QLoRA on Quantized Models: The Gap CUDA Left Open and MLX Filled

4 minute read

Published: March 23, 2026

You want to fine-tune a small LLM on your own data. A safety classifier, a code reviewer, a domain expert. The plan is obvious: take an open-weight model, quantize it to INT4, LoRA it, deploy locally. No cloud. No API costs.
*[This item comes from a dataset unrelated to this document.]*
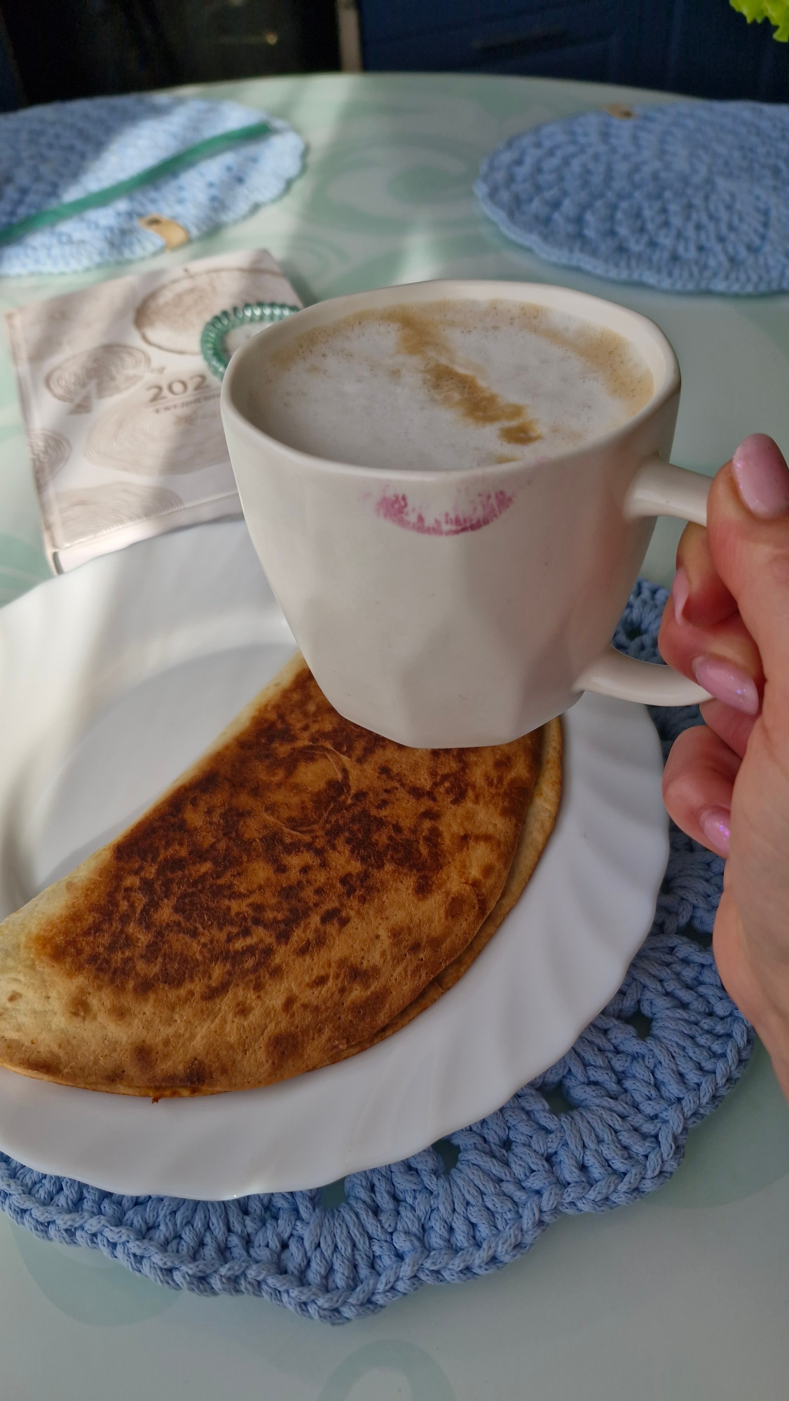 A person's hand holds a white ceramic mug with a visible lipstick mark, filled with a light brown beverage, presumably coffee. A white plate below holds a folded, golden-brown flatbread or pancake. Th…read more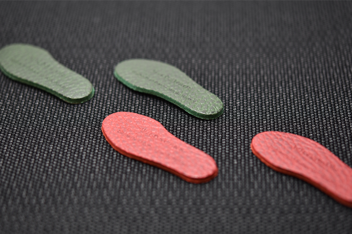 kf-003は「Walkers」というシリーズに属するモデルのため、足形を模した革製ステッカーが付属します。

Then you try to actually do it.

The CUDA Gap: Quantization and Training Don’t Mix

QLoRA is one of the most important techniques in modern LLM training. The idea is simple: freeze a quantized base model, train only the tiny LoRA adapter matrices. Memory-efficient, fast, and you keep most of the base model’s quality.

But here’s what nobody tells you upfront: on CUDA, QLoRA only works with the worst quantization method available.

The CUDA quantization landscape has three major players:

AWQ — the gold standard for INT4 quality. Uses activation-aware calibration to preserve the channels that matter most. Excellent models. But AWQ’s CUDA kernels (WQLinear_GEMM) are hand-written, fused, and have no backward pass. No autograd, no gradients, no training. Period.

GPTQ — calibration-based, high quality. Technically supports LoRA training through PEFT, but you must disable the fast kernels (ExLlama, Marlin) and fall back to a slow dequantize path. It works, but at a significant performance penalty, and it’s far from turnkey.

bitsandbytes NF4 — the only quantization specifically designed for training. This is what powers QLoRA in practice. But NF4 uses Round-To-Nearest quantization — the simplest, lowest-quality method. No calibration data, no activation-aware optimization. And it’s CUDA-only: no Mac, no AMD.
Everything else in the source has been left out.